In the argument of the case in this court two main propositions have been presented and discussed. First, is a radiator of the character of those involved in this case, and under the circumstances here presented, a fixture that wall pass to a purchaser of the realty as part thereof, at a mortgage sale ? And,secondly, will a conditional sale of chattels, or an agreement for preserving the quality of personalty, as means of security for the payment of the price thereof, such as we have in this case, prevail as against a prior mortgagee of the realty, to which the personal articles have been attached ?

With respect to the first of these propositions, there would seem to be some diversity of opinion among the courts. Some very able courts have held that radiators, such as wé have in this case, bear the same relation to a building as gas fixtures, and that neither are fixtures in the sense that they form a part of the realty, and will pass therewith. This is the established doctrine of the courts of Pennsylvania, and of one or two other States. Bank v. North, 160 Penna. St. 303. In the case just mentioned, it was held that radiators and valves connecting with steam heating apparatus are not fixtures attached to the realty; that they are exactly analogous to gas fixtures and are severable from the real estate.

But we shall not decide this case upon that abstract view. We prefer to rest our decision upon the second proposition that we have stated, namely, that relating to a conditional sale, or the effect of the agreement under which the radiators were placed in the buildings.

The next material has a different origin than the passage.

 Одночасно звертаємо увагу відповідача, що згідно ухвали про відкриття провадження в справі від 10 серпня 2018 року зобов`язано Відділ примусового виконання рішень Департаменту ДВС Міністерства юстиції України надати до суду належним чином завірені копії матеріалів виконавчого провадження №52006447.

There would seem to be neither principle nor justice upon which the complainant could claim to have included in its deeds of trust or mortgages the radiators and valves that were subsequently supplied by the defendant under the contract of December 20,1897, and thus defeat its right to the property for which it has never been paid. As we have seen from the facts of the case, the radiators were not so attached to the building that their detachment or severance would in any way injure the building. There were no special fittings required, and their place may be supplied, without trouble, by similar articles obtained in the market. The law in such case as the present would seem to be plain and well established in the American courts; the cases only varying in the application of the general rule, according to the special circumstances of particular cases. The general rule deducible from the authorities is, that if, after the execution of a mortgage of the realty, chattels which belong to a third person, or upon which such third person has a chattel mortgage, or a lien, are affixed to the realty, his interest or lien does not thereby become subject to the prior mortgage, provided the chattels may be detached, notwithstanding the objection of the prior mortgagee, without injury to the freehold, so as to make it substantially less valuable than it would have been had the chattels never been attached thereto. This principle is fully supported in many well considered cases.

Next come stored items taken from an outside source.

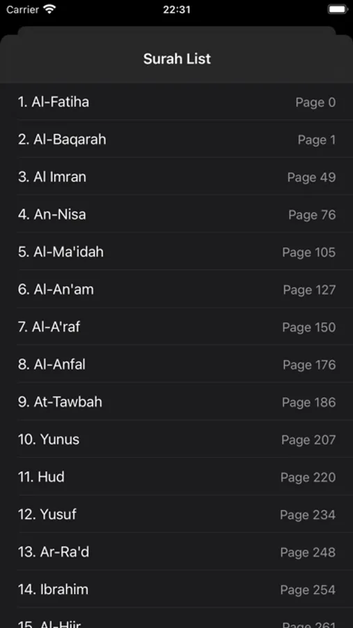 It provides you an easy use with its simple and legible interface. You can easily reach the chapter or juz you want.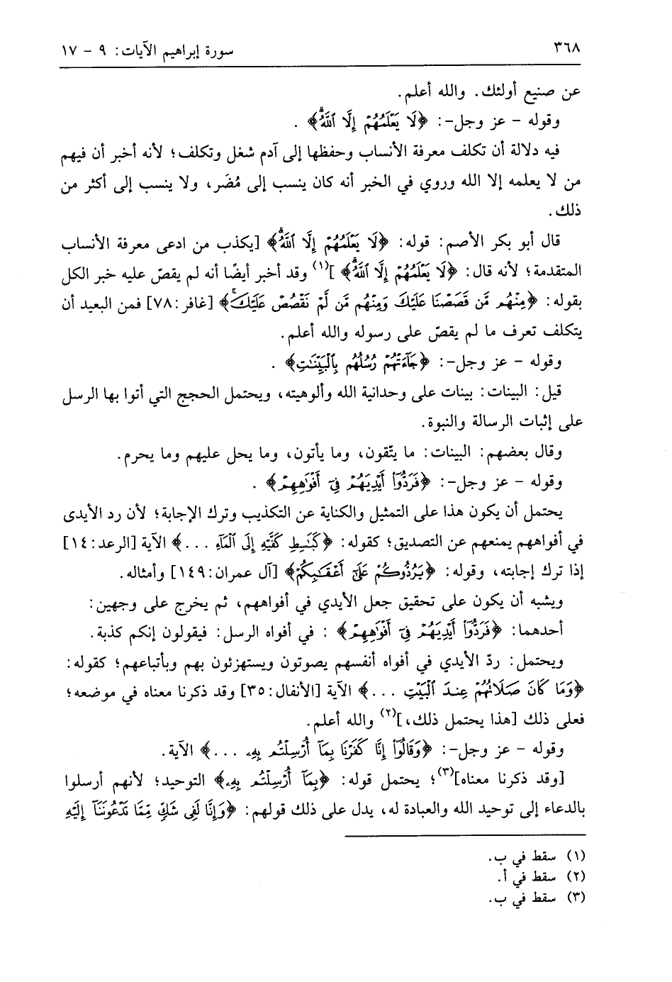 قال أبو بكر الأصم: قوله: (لَا يَعْلَمُهُمْ إِلَّا اللَّهُ) يكذب من ادعى معرفة الأنساب المتقدمة؛ لأنه قال: (لَا يَعْلَمُهُمْ إِلَّا اللَّهُ)، وقد أخبر أيضًا أنه لم يقص عليه خبر الكل بقوله: (مِنْهُمْ مَنْ قَصَصْنَا عَلَيْكَ وَمِنْهُمْ مَنْ لَمْ نَقْصُصْ عَلَيْكَ)، فمن البعيد أن يتكلف تعرف ما لم يقصق على رسوله واللَّه أعلم.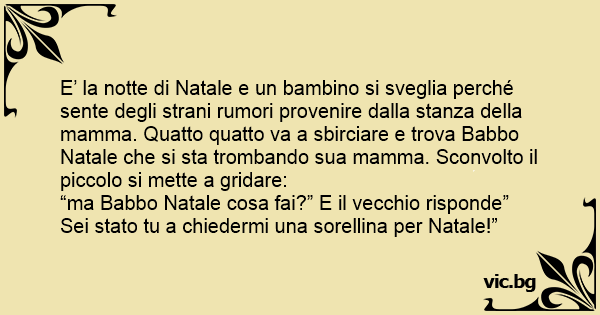“ma Babbo Natale cosa fai?” E il vecchio risponde” Sei stato tu a chiedermi una sorellina per Natale!”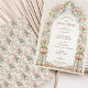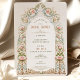 This beautifully designed Bridal Shower invitation exudes Victorian charm and sophistication, featuring intricate floral motifs with soft pink roses, delicate green leaves, and elegant scrollwork in shades of gold. The front of the card highlights the wedding details within an ornate floral frame, creating a timeless and romantic feel. The back continues the elegant theme with a repeat pattern of the vintage-inspired floral design. Perfect for couples planning a classic, vintage, or garden-themed wedding, this invitation sets a luxurious tone for your special day, combining the grace of Victorian aesthetics with modern craftsmanship.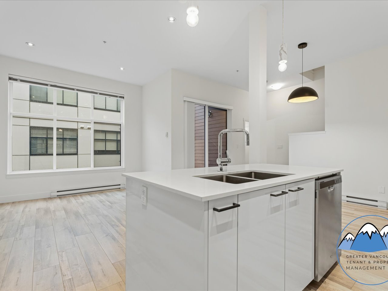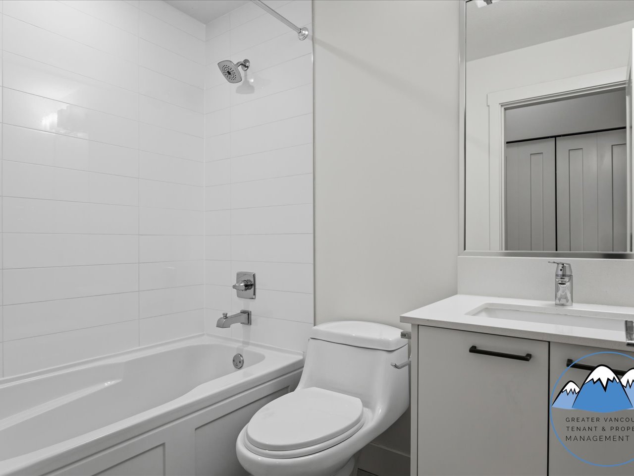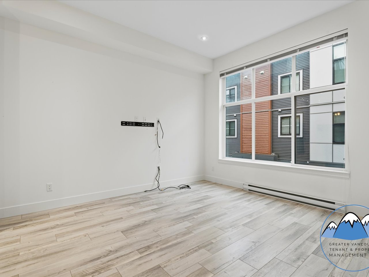 We are offering a bright and modern 2 bedroom / 3 bathroom townhouse featuring 1,261 sqft of living space across three levels. This contemporary home offers 10-foot ceilings, laminate flooring, and electric baseboard heating, creating a spacious and comfortable environment. The kitchen is equipped with fridge, stove, dishwasher, and microwave, and the home includes in-unit laundry for convenience. One of the bathrooms is an ensuite, and the primary bedroom features a walk-in closet. Outdoor living is a highlight of this home, with a large 385 sqft rooftop deck as well as an additional balcony, perfect for relaxing or entertaining.

One of the best considered cases upon the subject is that of Campbell v. Roddy, 44 N. J. Eq. 244, decided in the Court of Errors and Appeal of New Jersey. In that case, the question arose out of the circumstance that a mortgagor of real property, after making the mortgage, had annexed to the real estate certain chattels, the machinery for an iron foundry, in which a third person claimed to have an interest. On a bill filed to foreclose the mortgage, a contest arose as to the right of the mortgagee to have all the property applied primarily to the payment of his mortgage, regardless of the interest which any other person might have had. in the annexed property before it was annexed. The personal chattels that had been bargained for by the mortgagor and annexed to the mortgaged premises, had been in part paid for, but for the balance he gave certain promissory notes, each containing the following agreement: “It is further agreed that the title to the property for which this note is given shall remain in said Robert Campbell until this note is fully paid.”

The Court of Errors and Appeal, upon review of the authorities and a full consideration of the case, denied the claim of the mortgagees of the realty. In speaking of the effect of annexing the chattels to the realty, the court said: “ But, as already observed, the real estate mortgagees in the present case held their lien before the attachment to the realty of the mortgaged chattels. It is true that by force of the annexation they would become subjected to the lien of the real estate mortgage, absolutely, unless the lien of the chattel mortgagee intervenes. Any property belonging to the mortgagor which he chooses to annex to the mortgaged premises becomes realty. But it is difficult to perceive any equitable ground upon which the property of another which the mortgagor annexes to the mortgaged premises should inure to the benefit of a prior mortgagee of the realty. The real estate mortgagee had no assurance at the time he took his mortgage that there would be any accession to the mortgaged property. He may have believed that there would be such an accession, but he obtained no right, by the terms of his mortgage, to a lien upon anything but the property as it was conditioned at the time of its execution. He could not compel the mortgagor to add anything to it. So long, therefore, as he is secured the full amount of the indemnity which he took, he has no ground of complaint. There is, therefore, no inequity towards the prior real estate mortgagee, and there is equity towards the mortgagee of the chattels, in protecting the lien of the latter to its full extent, so far as it will not diminish the original security of the former. As already remarked, the real estate mortgagee is entitled to any annexation made by the mortgagor of his own property, but is not entitled to the property of others. The property of the mortgagor in these chattels, when he made the annexation, was an equity of redemption. So far as this interest had a value, it became subjected to the lien of the prior real estate mortgagee, but the value of his interest was the value of the property subjected to the lien.”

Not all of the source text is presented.